As a neurotransmitter, dopamine plays major roles in many brain functions, including cognition, emotion, and control of locomotion [17]. Dopamine is synthesized from tyrosine by the action of tyrosine hydroxylase (TH), a rate-limiting enzyme in catecholamine synthesis. The action of dopamine is terminated by reuptake from the synaptic cleft into the presynaptic neuron through the dopamine transporter (DAT). Dopamine is then transported and packaged into vesicles for release by vesicular monoamine transporter 2 (VMAT2) [18]. Meanwhile, dopamine affects neurons through dopamine receptors (DRs), which can be divided into two receptor subtype families according to their biochemical and physiological properties: D1-like and D2-like. The D1-like receptor subtype includes D5 (DRD5), whereas the D2-like receptor subtype consists of D3 (DRD3) and D4 (DRD4) [19]. The dopamine receptor D1 (DRD1) interacts with G proteins to stimulate adenylate cyclase activity, whereas the dopamine receptor D2 (DRD2) inhibits adenylate cyclase activity [20].
To assess the effects of combined exposure to As, Pb, and Cd on dopaminergic neurotransmission in the mouse brain, we evaluated the motor coordination, dopamine content, and TH, DAT, VMAT2, and DRs expression in mice exposed to single or mixed metals.

2. Materials and Methods

2.1. Animals

Male C57BL/6 mice (n = 40, 7 weeks old, weighing 22.0 ± 0.5 g) were randomly divided into five groups: water-treated control, As (5 mg/L), Pb (50 mg/L), Cd (0.5 mg/L), and metal-mixture-treated (5 mg/L As + 50 mg/L Pb + 0.5 mg/L Cd) groups. The treatment doses were determined based on previously conducted studies and WHO guideline values for drinking water [14,21,22]. After 1 week of acclimation, the metal-treated mice (n = 8 per group) received As, Pb, and Cd in the form of sodium arsenite, lead (II) acetate trihydrate, and cadmium chloride, respectively, in their drinking water for 4 weeks. Control animals were given only distilled deionized water. The animals were housed 3 per cage and maintained under standard conditions (room temperature: 20  ±  2 °C; relative humidity: 50  ±  5%) on a light:dark cycle of 12:12 h. Water consumption was measured throughout the study period and the mice were weighed weekly. After 4 weeks of administration, 3 mice in each group were used for dopamine measurement and the remaining 5 mice in each group were used for Western blot and real-time PCR analysis. Mice and metal were obtained from Samtako Laboratories (Osan, Korea) and Sigma-Aldrich (St. Louis, MO, USA), respectively. Other reagents were of the highest quality available and were purchased from commercial sources. Experiments were approved by the Institutional Animal Care and Use Committee of Keimyung University, Korea (approval No.: KM 2020-002). Experiments were conducted according to NIH guidelines for the care and use of laboratory animals. Animals were housed in a specific pathogen-free (SPF) facility with free access to food and water. At the end of the treatment regimen, mice were sacrificed by CO2 asphyxiation, and the brains were immediately collected. Striatum were dissected from the brains and stored at −70 °C until use.

2.2. Motor Coordination

Motor coordination of mice was assessed using a rota-rod treadmill (Jeungdo Bio & Plant, Seoul, Korea). The mice were trained on the rota-rod treadmill for 3 days before the experiment. The accelerating speed of the rota-rod was set to increase from 10 rpm to 30 rpm over 10 s. The animals were placed on the treadmill and the time at which each mouse fell off the rod was recorded. The average latency time of three trials was used for analysis.
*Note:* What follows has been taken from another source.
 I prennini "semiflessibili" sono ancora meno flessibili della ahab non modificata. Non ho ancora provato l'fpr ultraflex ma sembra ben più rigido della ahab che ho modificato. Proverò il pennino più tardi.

2.3. Measurement of Dopamine

Dopamine content was analyzed by rapid dissection of the striatum sample from each brain on ice. The striatal tissue was used to analyze dopamine concentration of either control or metal-exposed mice using the mouse dopamine ELISA kit (Cusabio, Carlsbad, CA, USA) following the manufacturer’s instructions. The absorbance of each well was measured at a wavelength of 450 nm using a microplate reader (Infinite 200 pro, Tecan, Männedorf, Switzerland). The detection range and sensitivity of this assay are 5–1000 pg/mL and 2.5 pg/mL, respectively.
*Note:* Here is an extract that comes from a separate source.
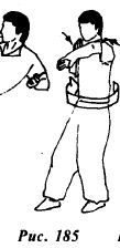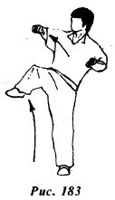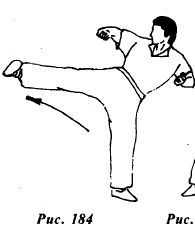 Выпрямляя правую ногу, нанесите боковой удар стопой. Сделайте выдох (рис.184).

2.4. Real-Time PCR Analysis

For the quantification of mRNA levels, total RNA was extracted from the striatum using NucleoSpin RNA kit (Macherey-Nagel, Germany) according to the manufacturer’s protocol. RNA samples were quantified using a NanoDrop 2000 spectrophotometer (Thermo Scientific, Waltham, MA, USA) and total RNA from each sample was reverse-transcribed using an iScript cDNA Synthesis kit (Bio-Rad, Hercules, CA, USA) according to the manufacturer’s protocol. The cDNAs were characterized using SsoAdvanced Universal SYBR Green Supermix kit (Bio-Rad) on a CFX96 real-time PCR system (Bio-Rad). The following genes were analyzed: TH (NM_009377.1), DAT (NM_010020.3), VMAT2 (NM_172523.3), DRD1 (NM_010076), DRD2 (NM_010077), and the reference gene β-actin (NM_007393) (Table 1). β-actin, a housekeeping gene, was used for normalization. Data were analyzed using Cq number. The Cq data gained from the PCR amplification were analyzed with CFX Manager Software (Bio-Rad) to obtain the expression level of amplified genes.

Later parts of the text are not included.